Once you find the line with "半袖デザインのケーブルニット" in the data that follows, repeat it and every line after it exactly, through the line with "Prsteň vyrobený z".

__Given entries__:
- - - -

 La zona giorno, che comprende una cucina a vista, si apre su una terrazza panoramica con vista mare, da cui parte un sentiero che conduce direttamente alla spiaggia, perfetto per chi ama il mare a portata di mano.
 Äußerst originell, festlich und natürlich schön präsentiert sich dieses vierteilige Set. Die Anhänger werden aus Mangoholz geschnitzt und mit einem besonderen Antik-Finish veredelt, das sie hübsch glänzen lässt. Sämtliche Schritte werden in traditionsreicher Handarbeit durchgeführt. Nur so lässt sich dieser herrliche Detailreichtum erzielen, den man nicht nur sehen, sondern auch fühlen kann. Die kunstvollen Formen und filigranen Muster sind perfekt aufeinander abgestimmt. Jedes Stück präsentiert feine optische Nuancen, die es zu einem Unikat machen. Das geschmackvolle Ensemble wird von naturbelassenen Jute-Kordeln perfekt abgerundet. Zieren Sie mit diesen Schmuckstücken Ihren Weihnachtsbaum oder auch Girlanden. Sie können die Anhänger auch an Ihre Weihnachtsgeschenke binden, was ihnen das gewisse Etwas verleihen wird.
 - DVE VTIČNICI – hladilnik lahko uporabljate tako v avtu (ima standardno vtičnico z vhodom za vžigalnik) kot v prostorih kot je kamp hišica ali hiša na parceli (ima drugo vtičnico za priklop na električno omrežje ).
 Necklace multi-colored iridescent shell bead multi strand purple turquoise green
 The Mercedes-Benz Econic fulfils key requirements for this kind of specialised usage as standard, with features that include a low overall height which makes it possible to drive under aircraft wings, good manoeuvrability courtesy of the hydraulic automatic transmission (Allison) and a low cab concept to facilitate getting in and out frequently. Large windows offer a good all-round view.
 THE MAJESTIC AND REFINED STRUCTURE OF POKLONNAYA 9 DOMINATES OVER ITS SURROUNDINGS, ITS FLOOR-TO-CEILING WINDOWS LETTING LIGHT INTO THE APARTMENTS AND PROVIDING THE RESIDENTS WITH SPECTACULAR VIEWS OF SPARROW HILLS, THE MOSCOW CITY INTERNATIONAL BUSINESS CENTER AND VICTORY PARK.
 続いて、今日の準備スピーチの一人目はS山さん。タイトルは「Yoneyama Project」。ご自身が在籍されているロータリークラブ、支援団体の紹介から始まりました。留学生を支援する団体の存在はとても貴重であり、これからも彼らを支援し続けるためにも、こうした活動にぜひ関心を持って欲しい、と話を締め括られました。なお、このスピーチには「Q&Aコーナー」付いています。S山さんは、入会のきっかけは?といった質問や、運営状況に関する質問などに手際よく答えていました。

- - - -

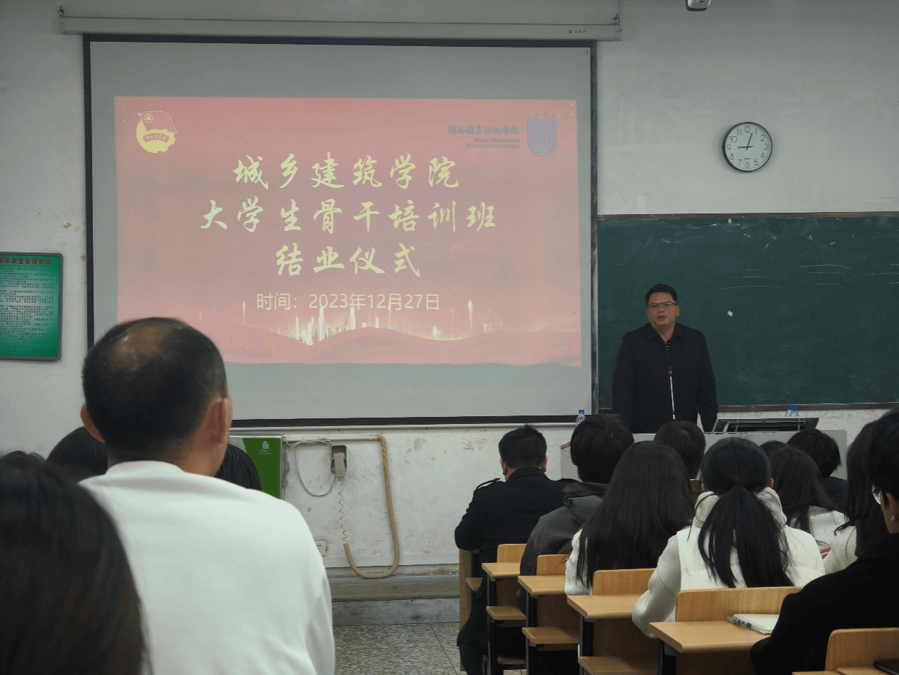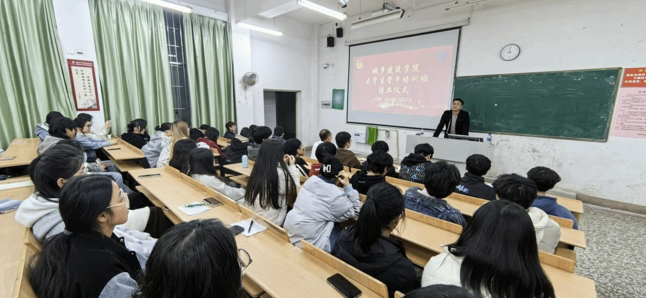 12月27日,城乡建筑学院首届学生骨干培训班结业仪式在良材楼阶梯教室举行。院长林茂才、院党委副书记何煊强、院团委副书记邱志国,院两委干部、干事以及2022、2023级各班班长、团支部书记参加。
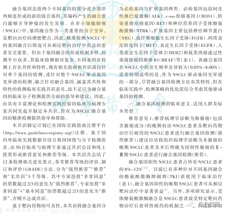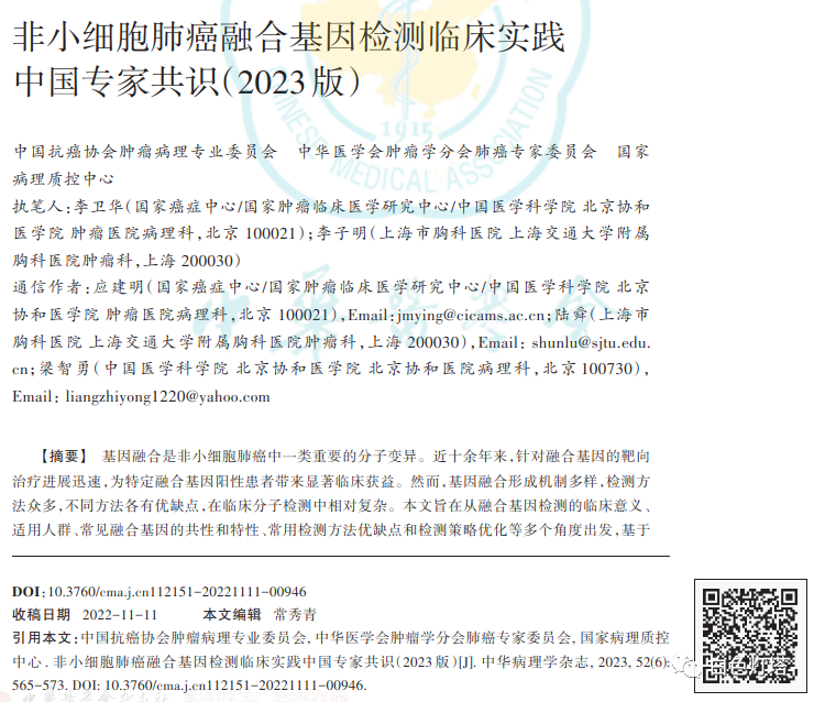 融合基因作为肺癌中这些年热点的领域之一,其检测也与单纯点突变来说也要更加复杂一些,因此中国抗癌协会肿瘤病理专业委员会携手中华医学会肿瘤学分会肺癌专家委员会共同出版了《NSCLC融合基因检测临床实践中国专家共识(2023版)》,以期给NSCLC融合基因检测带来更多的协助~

- - - -

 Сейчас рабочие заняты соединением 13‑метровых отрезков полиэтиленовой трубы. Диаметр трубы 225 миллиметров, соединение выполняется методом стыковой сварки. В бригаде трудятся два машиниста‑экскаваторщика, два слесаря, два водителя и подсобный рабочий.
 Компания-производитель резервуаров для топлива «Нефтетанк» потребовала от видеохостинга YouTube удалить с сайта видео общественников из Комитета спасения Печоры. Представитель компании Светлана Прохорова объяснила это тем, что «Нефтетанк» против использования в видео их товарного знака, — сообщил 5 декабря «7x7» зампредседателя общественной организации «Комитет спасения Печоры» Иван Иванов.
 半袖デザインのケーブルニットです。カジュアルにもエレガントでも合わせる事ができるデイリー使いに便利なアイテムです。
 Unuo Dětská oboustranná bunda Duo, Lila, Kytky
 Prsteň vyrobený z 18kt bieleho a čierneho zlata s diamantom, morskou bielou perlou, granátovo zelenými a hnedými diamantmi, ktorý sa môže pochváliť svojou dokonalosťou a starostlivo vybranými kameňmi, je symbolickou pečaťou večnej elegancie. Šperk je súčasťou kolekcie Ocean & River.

- - - -

__Exercise solution__:
 半袖デザインのケーブルニットです。カジュアルにもエレガントでも合わせる事ができるデイリー使いに便利なアイテムです。
 Unuo Dětská oboustranná bunda Duo, Lila, Kytky
 Prsteň vyrobený z 18kt bieleho a čierneho zlata s diamantom, morskou bielou perlou, granátovo zelenými a hnedými diamantmi, ktorý sa môže pochváliť svojou dokonalosťou a starostlivo vybranými kameňmi, je symbolickou pečaťou večnej elegancie. Šperk je súčasťou kolekcie Ocean & River.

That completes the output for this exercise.